Before I go into details on today’s “on this day in history” event in the countdown to Queen Anne Boleyn’s execution, let’s set the scene…
Queen Anne Boleyn is imprisoned in the Tower of London awaiting trial for high treason; George Boleyn, Lord Rochford, the queen’s brother and a royal favourite, is also in the Tower awaiting trial; four courtiers, including the king’s groom of the stool, have been tried by a commission of oyer and terminer for high treason, for sleeping with the queen and for plotting to kill the king with her, and sentenced to death; two other men are also imprisoned in the Tower; writs for Parliament have been issued, and the queen’s household has been broken up and her staff dismissed. Things are not looking good for the queen and her brother. The queen has no chance of being found innocent at her trial, when four men have been found guilty of plotting with her and having sexual relations with her. Dark times.
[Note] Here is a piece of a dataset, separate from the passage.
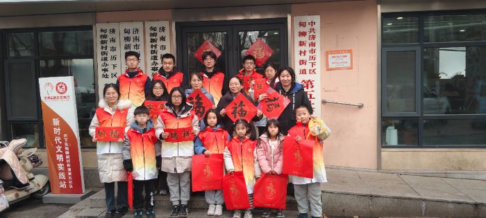 情暖社区:手写春联,传递温情趣味课程结束后,柳荫春风支教队的志愿者们带领济南电柳社区的孩子们,开展了“送春联、暖人心”志愿服务活动。孩子们带着提前准备好的春联,跟着志愿者走访社区独居老人,用稚嫩的声音送上新春祝福,亲手将红彤彤的春联交到老人手中。一句句问候温暖人心,一幅幅春联寄托祝福,在传递善意的过程中,孩子们也学会了感恩与担当,让“以爱为荫,化作春风”的口号落地生根。

But things are on the up for the king. His new sweetheart, his wife’s former lady-in-waiting Jane Seymour, had been sent away from court, to Sir Nicholas Carew’s country home, to prevent gossip about her relationship with the king, but the king now feels it is appropriate to send for her. Carew is sent to collect Jane and to settle her into a property in Chelsea, within a mile of the king’s lodgings. There, she is treated as a queen; she is “most richly dressed” and “splendidly served by the King’s cook and other officers”. How did Jane feel about this? We will never know. What did those who served her think of the situation? We don’t know.
In just sixteen days time, Jane would be Henry VIII’s official queen consort.
While Jane Seymour was being collected and brought to Chelsea, the king’s right-hand man, Thomas Cromwell, was writing to the king’s ambassadors at the French court, Sir John Wallop and Stephen Gardiner, of “The Queen’s incontinent living” which “was so rank and common that the ladies of her privy chamber could not conceal it” and the “most detestable scheme, happily discovered”. He was, of course, referring to Queen Anne Boleyn. Cromwell was quick to reassure the ambassadors that they would benefit from what was happening and that the king was “highly pleased with the services of both”. You can click here to read the full letter.
It all sounds so unsavoury to us, doesn’t it? Out with one queen, in with another; the fall of some courtiers, the rise of others… Thomas Wyatt was certainly spot on when he wrote circa regna tonat, “about the throne the thunder rolls”.